[Python-Dev] methods on the bytes object

Mon May 1 21:02:21 CEST 2006

Before I get into my reply, I'm going to start out by defining a new
term:

operationX - the operation of interpreting information differently than
how it is presented, generally by constructing a data structure based on
the input information.
    eg; programming language source file -> parse tree,
        natual language -> parse tree or otherwise,
        structured data file -> data structure (tree, dictionary, etc.),
        etc.
synonyms: parsing, unmarshalling, interpreting, ...

Any time I would previously describe something as some variant of 'parse',
replace that with 'operationX'.  I will do that in all of my further
replies.

"Martin v. Löwis" <martin at v.loewis.de> wrote:
> Josiah Carlson wrote:
> > Certainly that is the case.  But how would you propose embedded bytes
> > data be represented? (I talk more extensively about this particular
> > issue later).
> 
> Can't answer: I don't know what "embedded bytes data" are.

I described this before as the output of img2py from wxPython.  Here's a
sample which includes the py.ico from Python 2.3 .

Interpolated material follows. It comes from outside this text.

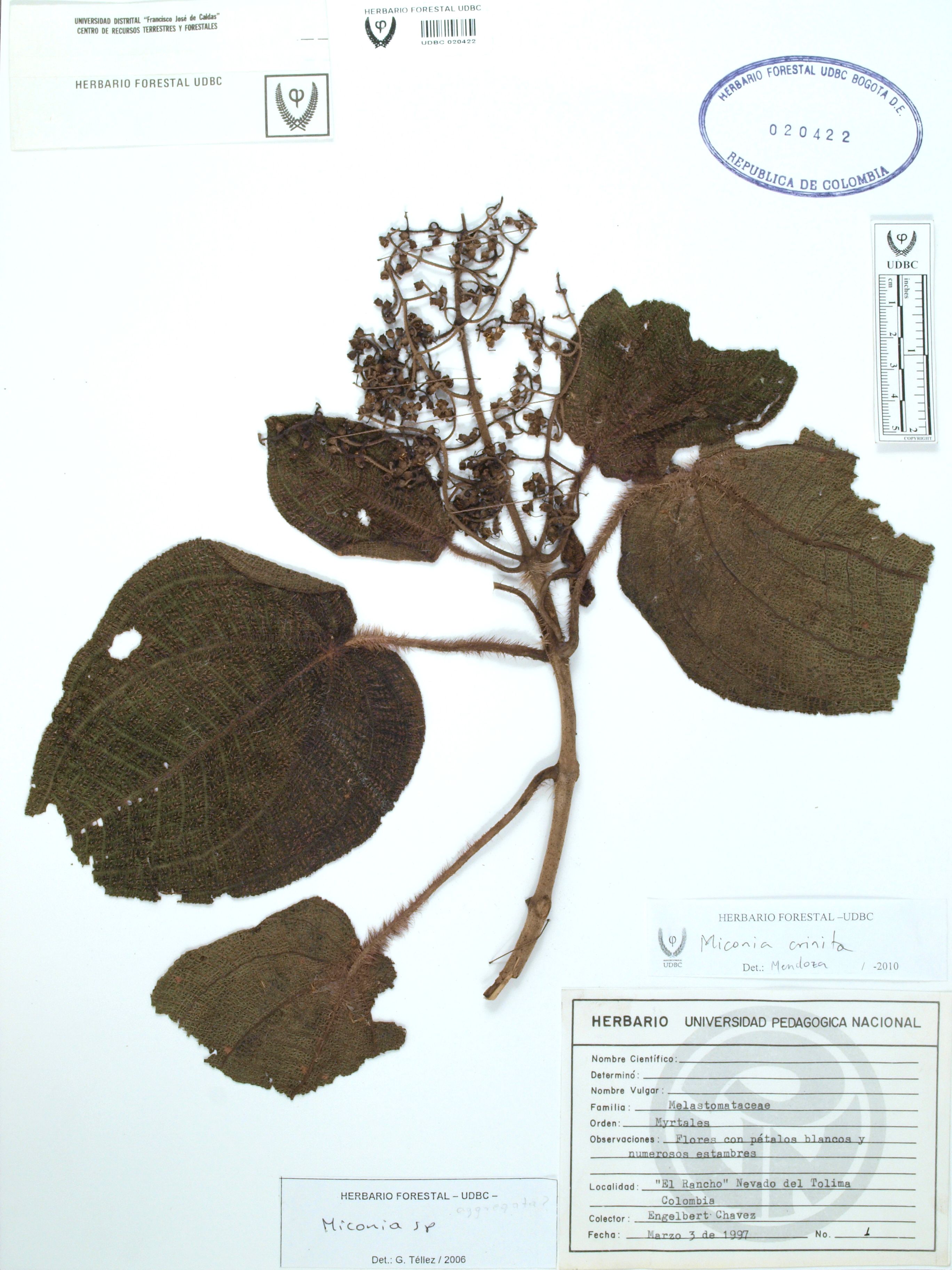 Fotografía del ejemplar Chávez, E. 1, determinado como Miconia crinita en el año 2010

#----------------------------------------------------------------------
# This file was generated by C:\Python23\Scripts\img2py
#
from wx import ImageFromStream, BitmapFromImage
import cStringIO, zlib

def getData():
    return zlib.decompress(
'x\xda\x01\x14\x02\xeb\xfd\x89PNG\r\n\x1a\n\x00\x00\x00\rIHDR\x00\x00\x00 \
\x00\x00\x00 \x08\x06\x00\x00\x00szz\xf4\x00\x00\x00\x04sBIT\x08\x08\x08\x08\
|\x08d\x88\x00\x00\x01\xcbIDATX\x85\xb5W\xd1\xb6\x84 \x08\x1ct\xff;\xf6\xc3\
\x93\xfb`\x18\x92f\xb6^:\x9e\xd4\x94\x19\x04\xd4\x88BDO$\xed\x02\x00\x14"i]\
\xdb\xddI\x93B=\x02\x92va\xceu\xe6\\T\x98\xd7\x91h\x12\xb0\xd6z\xb1\xa4V\x90\
\xf8\xf4>\xc8A\x81\xe8\xack\xdb\xae\xc6\xbf\x11\xc8`\x02\x80L\x1d\xa5\xbdJ\
\xc2Rm\xab\t\x88PU\xb7m\xe0>V^\x13(\xa9G\xa7\xbf\xb5n\xfd\xafoI\xbbhyC\xa0\
\xc4\x80*h\x05\xd8]\xd0\xd5\xe9y\xee\x1bO\t\x10\x85X\xe5\xfc\x8c\xf0\x06\xa0\
\x91\x153)\x1af\xc1y\xab\xdf\x906\x81\xa7.)1\xe0w\xba\x1e\xb0\xaf\xff*C\x02\
\x17`\xc2\xa3\xad\xe0\xe9*\x04U\xec\x97\xb6i\xb1\x02\x0b\xc0_\xd3\xf7C2\xe6\
\xe9#\x05\xc6bfG\xc8\xcc-\xa4\xcc\xd8Q0\x06\n\x91\x14@\x15To;\xdd\x125s<\xf0\
\x8c\x94\xd3\xd0\xfa\xab\xb5\xeb{\xcb\xcb\x1d\xe1\xd7\x15\xf0\x1d\x1e\x9c9wz\
p\x0f\xfa\x06\x1cp\xa7a\x01?\x82\x8c7\x80\xf5\xe3\xa1J\x95\xaa\xf5\xdc\x00\
\x9f\x91\xe2\x82\xa4g\x80\x0f\xc8\x06p9\x0f\xb66\xf8\xccNH\x14\xe2\t\xde\x1a\
`\x14\x8d|>\x0b\x0e\x00\x9f\x94v\t!RJ\xbb\xf4&VV/\x04\x97\xb4K\xe5\x82\xe0&\
\x97\xcc\x18X\xfd\x16\x1cxx+\x06\xfa\xfeVp+\x17\xb7\xb9~\xd5\xcd<\xb8\x13V\
\xdb\xf1\r\xf8\xf54\xcc\xee\xbc\x18\xc1\xd7;G\x93\x80\x0f\xb6.\xc1\x06\xf8\
\xd9\x7f=\xe6[c\xbb\xff\x05O\x97\xff\xadh\xcct]\xb0\xf2\xcc/\xc6\x98mV\xe3\
\xe1\xf1\xb5\xbcGhDT--\x87\x9e\xdb\xca\xa7\xb2\xe0"\xe6~\xd0\xfb6LM\n\xb1[\
\x90\xef\n\xe5a>j\x19R\xaaq\xae\xdc\xe9\xad\xca\xdd\xef\xb9\xaeD\x83\xf4\xb2\
\xff\xb3?\x1c\xcd1U-7%\x96\x00\x00\x00\x00IEND\xaeB`\x82\xdf\x98\xf1\x8f' )

def getBitmap():
    return BitmapFromImage(getImage())

def getImage():
    stream = cStringIO.StringIO(getData())
    return ImageFromStream(stream)

That data is non-textual.  It is bytes within a string literal.  And it
is embedded (within a .py file).

> > I am apparently not communicating this particular idea effectively
> > enough.  How would you propose that I store parsing literals for
> > non-textual data, and how would you propose that I set up a dictionary
> > to hold some non-trivial number of these parsing literals?
> 
> I can't answer that question: I don't know what a "parsing literal
> for non-textual data" is. If you are asking how you represent bytes
> object in source code: I would encode them as a list of integers,
> then use, say,
> 
>   parsing_literal = bytes([3,5,30,99])

An operationX literal is a symbol that describes how to interpret the
subsequent or previous data.  For an example of this, see the pickle
module (portions of which I include below).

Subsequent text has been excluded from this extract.